Climate change is an all-encompassing global phenomenon that impacts every area of law and policy. International arbitration is no exception.

In line with the 2015 Paris Agreement goal to limit global warming to well below 2, preferably 1.5 degrees Celsius compared to pre-industrial levels, many governments have adopted ambitious net-zero targets and taken bold measures to achieve these. Often, such measures require companies to adjust to new ways of doing business, producing goods, and delivering services. This, in turn, impacts the short-term profitability and has the potential to affect the long-term prospects of success of the business, especially in carbon-intensive industries such as energy production and transport.

With increasing frequency, investors have been challenging States’ climate-aligned measures by alleging breaches of investment protections that the same States afforded them under investment treaties several decades ago. In their defence, States tend to turn to legal principles that stem from other areas of international law and are often untested in the context of international investment arbitration. This article addresses the pertinent questions that arise when international investment norms confront non-investment principles – what is the significance of this clash in the worldwide effort to combat climate change? How can it be reconciled? And, most importantly, does this conflict of norms make international arbitration a friend or a foe in the fight against climate change?
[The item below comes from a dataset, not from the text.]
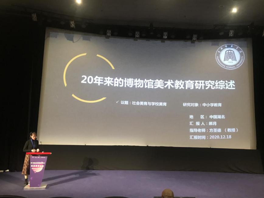 郝月汇报的议题是《20年来的博物馆美术教育研究综述》,围绕关于博物馆美术教育的政策条例、学术成果、美术教育实践三个方面展开,向在场的学者分享了21世纪的前20年中博物馆美术教育的发展现状,为今后博物馆美术教育研究者提供可参考的现实依据。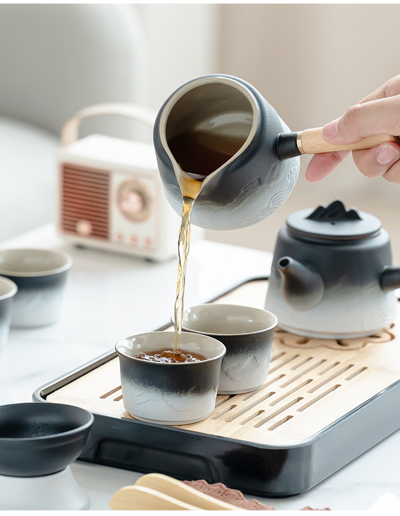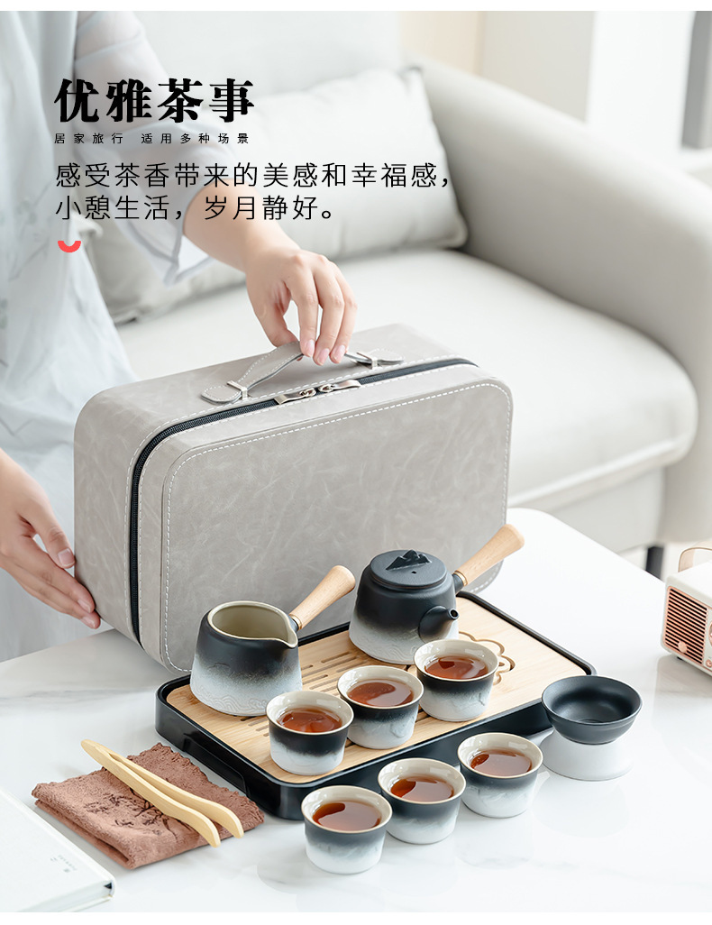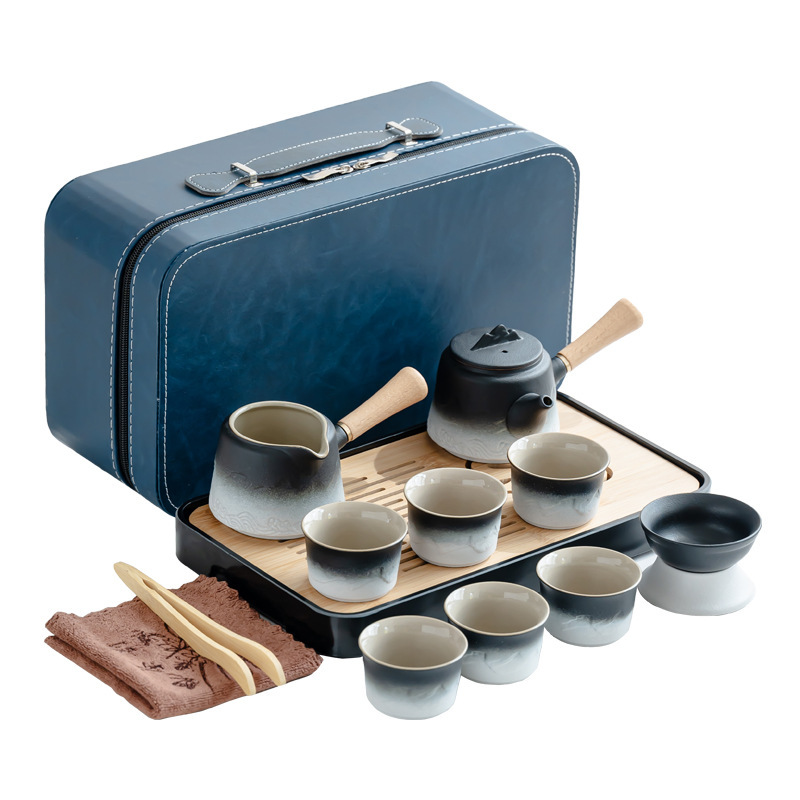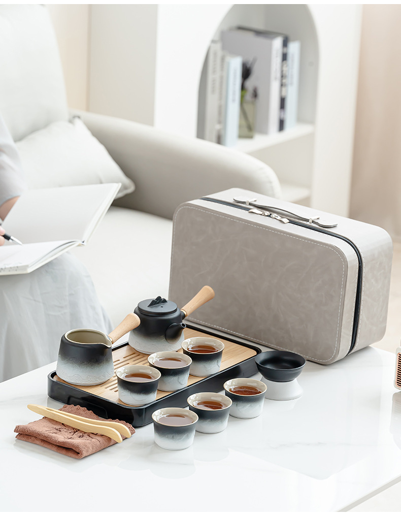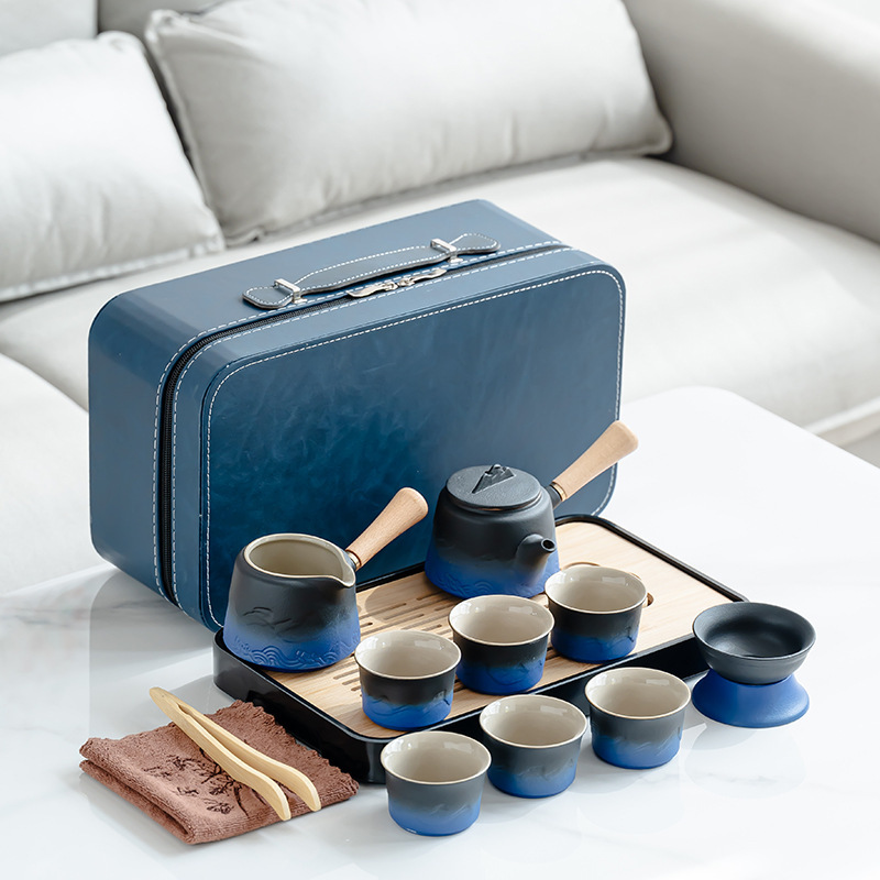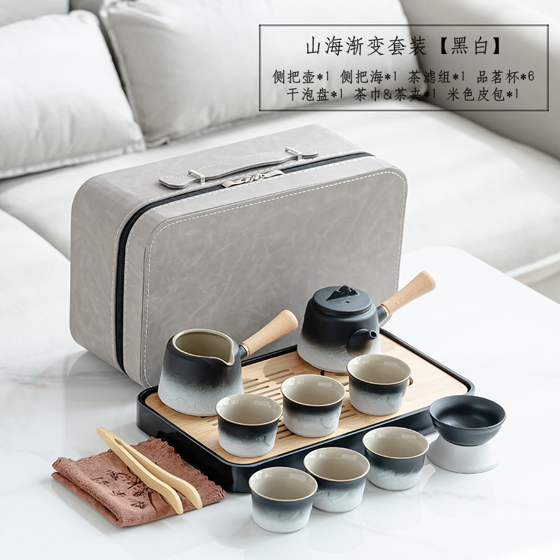 渐变侧把壶旅行茶具套装轻奢简约车载一壶六杯便携式创意商务礼品

Climate change and international investment arbitration

The 21st century world is connected by a complex network of bilateral and multilateral investment treaties. The Database of Bilateral Investment Treaties, maintained by the International Centre for Settlement of Investment Disputes (“ICSID”), lists more than 3,000 bilateral investment treaties (“BIT(s)”). In addition to BITs, multilateral investment treaties (“MIT(s)”), such as the Energy Charter Treaty (“ECT”), are designed to facilitate investments among multiple parties in similar ways that BITs do between two States. Both BITs and MITs have a simple goal – to attract foreign direct investment and stimulate the domestic economies of capital-importing countries. In order to do so, they provide capital importers – the investors – with significant legal protections against certain obstacles, such as discriminatory and unfair treatment, illegal expropriation, or a more favourable treatment by the State of its own nationals, or nationals of third countries. Importantly, most of these treaties were concluded between the 1980s and 2000s and are silent on the subject of climate change.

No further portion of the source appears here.